Pytorch from pip with CUDA9 faster than from conda CUDA 9 and 10

I tried the pytorch from conda built with CUDA 9 and 10, from pip built with CUDA9 and pytorch built from source within conda environment on training the MNIST: https://github.com/pytorch/examples/tree/master/mnist
The training time for the pip version with CUDA9 was around 71 seconds, for the conda version with CUDA 9 was around 90 seconds and for the conda version with CUDA 10 for the one built from source was around 118 seconds. Will Pytorch release the pytorch 1.2.0 built with CUDA 10 on pip? Or is there a way to build pytorch from source without conda?

The environment:
GPU: 1080Ti
Driver: 430.4
python version: 3.6.8
The torch.backends.cudnn.enabled is True.
Conda is installed with miniconda
Pip version of pytorch is installed in a virtual environment created by virtualenv

Hi,

You can install pytorch without conda from source (I never did it with conda actually).
For best performances, make sure you have the latest cuda and cudnn installed and OpenBLAS if you’re going to do some CPU stuff.

Thinking about it, the difference could come from a different cudnn version bundled in pip and in your conda install.

Hi,
Thank you for the answer. Could you tell me how you installed magma and let the setup.py find it? I tried to put the content from magma-cuda100 on anaconda cloud to the corresponding lib and include folders of the python folder, but in vain.

The cudnn and cuda version in my pip and conda install are the same: cudnn 7602 and cuda 10.0.130.

For magma, the way I did it was by installing it from source at the default location. Then it is found by default.

With the same cudnn versions, I’m not sure why you see that difference though…

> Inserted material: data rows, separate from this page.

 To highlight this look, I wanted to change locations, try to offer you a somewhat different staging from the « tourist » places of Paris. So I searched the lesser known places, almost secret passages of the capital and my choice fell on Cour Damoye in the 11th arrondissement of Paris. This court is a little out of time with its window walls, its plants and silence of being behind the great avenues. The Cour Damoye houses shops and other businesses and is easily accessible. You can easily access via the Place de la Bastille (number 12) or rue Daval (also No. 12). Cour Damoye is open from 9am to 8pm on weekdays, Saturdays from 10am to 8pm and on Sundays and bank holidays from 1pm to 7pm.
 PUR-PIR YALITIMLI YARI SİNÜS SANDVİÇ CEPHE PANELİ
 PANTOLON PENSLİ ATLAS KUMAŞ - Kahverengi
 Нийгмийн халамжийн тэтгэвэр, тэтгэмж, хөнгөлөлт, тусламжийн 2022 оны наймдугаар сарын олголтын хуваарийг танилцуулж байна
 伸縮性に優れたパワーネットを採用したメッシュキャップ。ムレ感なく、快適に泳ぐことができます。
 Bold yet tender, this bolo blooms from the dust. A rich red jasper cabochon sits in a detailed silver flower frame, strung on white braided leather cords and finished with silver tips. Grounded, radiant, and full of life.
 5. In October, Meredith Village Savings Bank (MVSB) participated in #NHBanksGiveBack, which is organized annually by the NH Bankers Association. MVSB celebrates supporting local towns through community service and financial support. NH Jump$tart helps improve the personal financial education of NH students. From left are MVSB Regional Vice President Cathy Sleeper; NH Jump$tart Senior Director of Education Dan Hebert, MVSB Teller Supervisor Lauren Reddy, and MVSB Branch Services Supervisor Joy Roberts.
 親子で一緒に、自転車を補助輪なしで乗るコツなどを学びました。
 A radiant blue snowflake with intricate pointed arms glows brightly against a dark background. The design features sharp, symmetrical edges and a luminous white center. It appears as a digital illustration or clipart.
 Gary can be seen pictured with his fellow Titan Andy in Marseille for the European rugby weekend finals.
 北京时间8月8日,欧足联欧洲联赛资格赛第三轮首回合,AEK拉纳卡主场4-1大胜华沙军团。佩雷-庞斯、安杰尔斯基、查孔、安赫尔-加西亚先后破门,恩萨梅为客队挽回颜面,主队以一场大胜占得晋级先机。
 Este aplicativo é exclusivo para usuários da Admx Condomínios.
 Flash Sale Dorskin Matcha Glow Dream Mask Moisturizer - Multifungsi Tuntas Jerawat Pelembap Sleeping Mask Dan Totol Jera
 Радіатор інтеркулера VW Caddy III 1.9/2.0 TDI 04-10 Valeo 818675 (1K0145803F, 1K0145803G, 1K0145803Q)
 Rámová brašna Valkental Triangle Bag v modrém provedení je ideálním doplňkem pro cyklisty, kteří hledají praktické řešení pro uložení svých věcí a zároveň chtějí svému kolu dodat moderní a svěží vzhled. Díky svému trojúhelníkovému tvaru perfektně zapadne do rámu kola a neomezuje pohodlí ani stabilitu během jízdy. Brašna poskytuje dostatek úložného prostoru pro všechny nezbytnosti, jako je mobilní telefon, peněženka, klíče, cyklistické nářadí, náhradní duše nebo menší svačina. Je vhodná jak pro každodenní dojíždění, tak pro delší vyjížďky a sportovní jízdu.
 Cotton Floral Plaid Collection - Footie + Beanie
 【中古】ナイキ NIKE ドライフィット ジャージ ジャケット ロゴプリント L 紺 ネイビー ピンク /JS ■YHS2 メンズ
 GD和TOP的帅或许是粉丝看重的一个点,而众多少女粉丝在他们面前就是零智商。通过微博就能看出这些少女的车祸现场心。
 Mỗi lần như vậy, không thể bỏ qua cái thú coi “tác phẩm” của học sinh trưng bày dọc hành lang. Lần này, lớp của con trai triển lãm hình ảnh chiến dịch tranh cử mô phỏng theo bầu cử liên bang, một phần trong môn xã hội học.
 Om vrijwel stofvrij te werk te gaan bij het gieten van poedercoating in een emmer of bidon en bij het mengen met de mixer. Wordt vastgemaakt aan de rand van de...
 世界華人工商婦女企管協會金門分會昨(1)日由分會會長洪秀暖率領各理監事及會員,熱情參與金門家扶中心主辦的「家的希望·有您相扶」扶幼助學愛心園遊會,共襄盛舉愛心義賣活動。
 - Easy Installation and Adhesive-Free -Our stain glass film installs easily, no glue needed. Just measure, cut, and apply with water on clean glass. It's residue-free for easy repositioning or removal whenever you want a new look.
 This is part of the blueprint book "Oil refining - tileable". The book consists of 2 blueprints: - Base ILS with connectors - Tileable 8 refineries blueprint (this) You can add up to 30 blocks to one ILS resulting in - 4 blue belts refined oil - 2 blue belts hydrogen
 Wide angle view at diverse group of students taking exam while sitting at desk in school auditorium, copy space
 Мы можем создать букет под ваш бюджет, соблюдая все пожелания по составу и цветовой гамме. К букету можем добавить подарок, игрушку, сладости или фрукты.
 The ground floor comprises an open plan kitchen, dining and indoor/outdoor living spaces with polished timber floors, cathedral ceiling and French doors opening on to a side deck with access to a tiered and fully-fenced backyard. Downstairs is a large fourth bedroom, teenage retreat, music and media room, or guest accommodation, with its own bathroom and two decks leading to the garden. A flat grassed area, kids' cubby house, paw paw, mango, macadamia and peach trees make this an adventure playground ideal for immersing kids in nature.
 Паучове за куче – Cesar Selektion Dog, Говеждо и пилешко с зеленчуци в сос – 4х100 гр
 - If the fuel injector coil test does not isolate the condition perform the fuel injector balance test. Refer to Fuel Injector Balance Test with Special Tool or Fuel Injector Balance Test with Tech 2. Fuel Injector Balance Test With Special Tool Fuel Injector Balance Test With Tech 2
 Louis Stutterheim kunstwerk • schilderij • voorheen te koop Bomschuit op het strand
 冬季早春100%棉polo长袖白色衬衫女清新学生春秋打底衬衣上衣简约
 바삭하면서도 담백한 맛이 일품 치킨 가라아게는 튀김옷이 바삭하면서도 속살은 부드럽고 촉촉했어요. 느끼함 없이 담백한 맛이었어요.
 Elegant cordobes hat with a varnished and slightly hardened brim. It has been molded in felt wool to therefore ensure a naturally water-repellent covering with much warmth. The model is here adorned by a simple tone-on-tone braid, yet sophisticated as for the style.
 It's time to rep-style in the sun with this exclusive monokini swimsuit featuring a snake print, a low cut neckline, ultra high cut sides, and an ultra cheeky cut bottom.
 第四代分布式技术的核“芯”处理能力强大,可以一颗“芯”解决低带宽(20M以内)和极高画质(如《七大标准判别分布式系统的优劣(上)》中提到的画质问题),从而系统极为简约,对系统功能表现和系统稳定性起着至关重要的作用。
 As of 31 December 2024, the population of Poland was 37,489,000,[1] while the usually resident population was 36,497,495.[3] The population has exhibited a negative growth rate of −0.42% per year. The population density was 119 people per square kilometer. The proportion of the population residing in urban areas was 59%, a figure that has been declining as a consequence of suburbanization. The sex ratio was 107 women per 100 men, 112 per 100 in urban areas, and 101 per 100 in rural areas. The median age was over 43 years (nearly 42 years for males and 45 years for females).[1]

As your timing differences are in the range of values I just measured to verify a fix of https://github.com/pytorch/pytorch/issues/25010 , you might want to try setting pin_memory=False in the main.py and see if that improves things for your slow cases…

My timings running the mnist train for the default 10 epochs. +/- 1 second is in the noise, there is obviously a big issue in 1.2 (and I see it in 1.1). I don’t see it in 1.0. Interestingly there is a diff btw 1.0 and 1.2 as 57 vs 63-64 is not in the measurement noise. I don’t have numbers across different cuda versions or pip vs conda though.

PyTorch 1.2 Conda, Python 3.7.3, Cuda 10.0.130, CUDNN 7.6.2

pin_memory=True, num_workers=1, no fix applied: 131.03s
pin_memory=True, num_workers=1, fix applied: 63.5s
pin_memory=False, num_workers=1: 63.25s
pin_memory=True, num_workers=0, no fix applied: 66.70s
pin_memory=True, num_workers=0, fix applied: 64.42s
pin_memory=False, num_workers=0: 64.03s

PyTorch 1.0, Conda, Python 3.6.8, Cuda 10.0.130, CUDNN 7.4.1

pin_memory=True, num_workers=1: 57.83
pin_memory=False, num_workers=1: 57.48
pin_memory=True, num_workers=0: 57.32
pin_memory=False, num_workers=0: 56.95
2 Likes

Thank you very much! This is really the answer to the difference! After setting pin_memory=False, the performance of PyTorch 1.2 with CUDA 9 and of the one with CUDA 10 were the same. I didn’t test 1.0 and that’s really interesting to see 1.0 is even faster.